NIST 800-53 REV 5 • SYSTEM AND COMMUNICATIONS PROTECTION
SC-7(9) — Restrict Threatening Outgoing Communications Traffic
Detect and deny outgoing communications traffic posing a threat to external systems; and Audit the identity of internal users associated with denied communications.
Supplemental Guidance
Detecting outgoing communications traffic from internal actions that may pose threats to external systems is known as extrusion detection. Extrusion detection is carried out within the system at managed interfaces. Extrusion detection includes the analysis of incoming and outgoing communications traffic while searching for indications of internal threats to the security of external systems. Internal threats to external systems include traffic indicative of denial-of-service attacks, traffic with spoofed source addresses, and traffic that contains malicious code. Organizations have criteria to determine, update, and manage identified threats related to extrusion detection.
Practitioner Notes
Your network boundary devices should detect and block outgoing traffic that looks threatening — like connections to known command-and-control servers, data exfiltration attempts, or outbound scanning.

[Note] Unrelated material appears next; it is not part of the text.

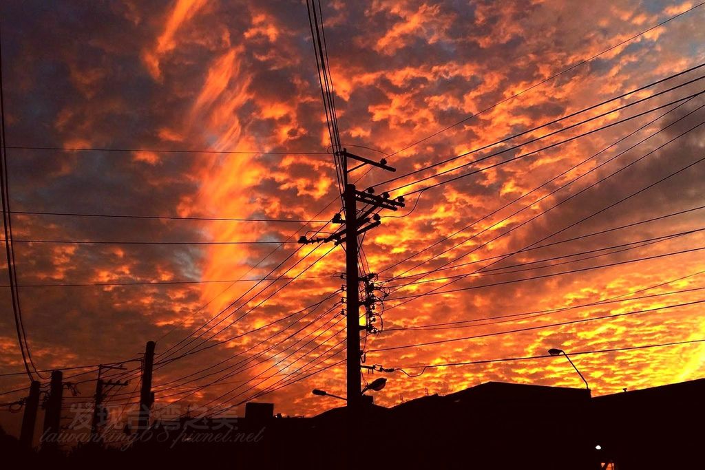 拍自高美濕地的火燒雲,天空一片火紅色,猶如著火般的恐怖。(↑)

Example 1: Enable threat intelligence feeds on your firewall (Palo Alto WildFire, Fortinet FortiGuard) that automatically block outbound connections to known malicious IP addresses and domains. Update these feeds automatically at least daily.
Example 2: Configure your IDS/IPS (Snort, Suricata) to monitor outbound traffic for indicators of compromise — DNS queries to dynamic DNS providers, large outbound data transfers to foreign IP addresses, or encoded data in HTTP headers that suggest command-and-control traffic.